In a month of therapy, CD4 cell count change was highly affected by age, weight, initial CD4 cell count, marital status, income, cell phone ownership, adherence, level of exposedness and WHO stages from the main effect and age with owner of cell phone, marital status with adherence and marital status with initial CD4 cell count from the interaction effect. In this study, as age of an individual increased, CD4 cell count decreased. This is also supported by previous joint longitudinal study [16]. In adherence category, poor adherent patients who did not properly take their medication on time, lose their CD4 cell count. On the other hand, patients with good adherent, who took pills on time regularly, increased their CD4 cell count. A patient living with his/her partner may be encouraged or reminded to take his/her medication on time and this contributes to increase CD4 cell count. A patient who does not expose the disease to family members may not have good adherence to HAART, since he/she takes pills only when nobody is around; and this leads to reduction of CD4 cell count. Naturally, aged people are less likely to have high CD4 cell count as compared to young people. But the decreasing rate of CD4 cell count as age increases was different for patients having cell phone and without having cell phone. Hence patients with cell phone had less decreasing rate as compared to those patients without cell phone.

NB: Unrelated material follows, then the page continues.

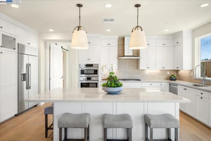 Final opportunity to own the highly sought-after Cypress Plan at Carmel Pointe in Union City. Designed with a versatile layout, private JADU suite, and first-floor primary suite. Once sold, the Cypress residences will be completely sold out. Brand New Construction, exquisite luxury living can be yours at Carmel Pointe in Union City but this is your final opportunity for a Cypress Plan residence so don’t miss out!! Ideal location uniquely situated right next to Sea Breeze Park trails and bay views yet convenient to access 1-880/Dumbarton/San Mateo Bridges. The Cypress floor plan is unique as it has the primary bedroom/bath on the first floor in addition to a JADU w/bedroom, bath, kitchenette and private entrance. Enjoy an elaborate kitchen with gourmet center island, stainless steel Bosch appliances, gas cooktop and 42” built in refrigerator. The open airy living area has a 3 panel sliding door to the rear yard. Upstairs you have a loft with wet bar, two bedrooms, bath and a den. Laundry room comes with both gas and electric dryer hookup, a full bank of cabinets and laundry sink. Expected completion January 2026. Still time to personalize and choose cabinets, countertops and flooring and make this your dream home. Sales office located at 32616 Carmel Way, Union City.

The significant result of initial CD4 cell count on current CD4 cell count obtained under this study is consistent with a previous study [27]. Hence, a patient who started HAART with high initial CD4 cell count had high CD4 cell count change. On the other hand, an insignificant result of gender on CD4 cell count change in this study contradicted with previous research [27] and is supported by another research [14]. A significant result for marital status obtained in this study is supported by another previous study [11]. The significant result of WHO stages on CD4 cell count in this study is also supported by previous longitudinal study [11].

Limitations

One limitation of this study was that the interactions between variables were identified in model fit techniques which were not pre-specified or expected during data collection. Therefore, detail information on why these interactions affect on first month CD4 cell count change was not collected and therefore, the reason for some of these findings cannot be explained. Furthermore, this study focused on first month CD4 cell count change. There was no evidence whether or not the factors that affected the CD4 cell count change in first month therapy can also affect the change of CD4 cell count of longitudinal data for the same cohort. The study also tried to identify special characteristics of HIV positive adults and we should not generalize the result to the whole HIV positive people, since the investigation did not include HIV positive patients whose age were less than 15 years. Hence, the result may not be the same on this issue if we incorporate all HIV positive people whose ages are less than 15 years; and this needs further investigation. Therefore, for researchers who want to study this gap it can be considered as potential for further study.

Conclusions

Quasi-Poisson regression model was a better fit for the given data, and variables that significantly predict the response variable were identified using this model. The result under this investigation indicated that CD4 cell count change of HIV positive people had been affected by several factors. There should be a special attention and intervention for HIV positive adults, especially for those who had low CD4 cell count change, for pre-treatment counseling and awareness creation. The study also tried to identify a certain group of patients who were with maximum risk of CD4 cell count change and need high intervention for counseling and awareness creation. Hence, we recommend that the Ministry of Health (MOH) give due attention for awareness creation so that patients should expose the disease to family members and adhere to HAART directed by health care service providers on time using the alarm of their cell phone as remembrance.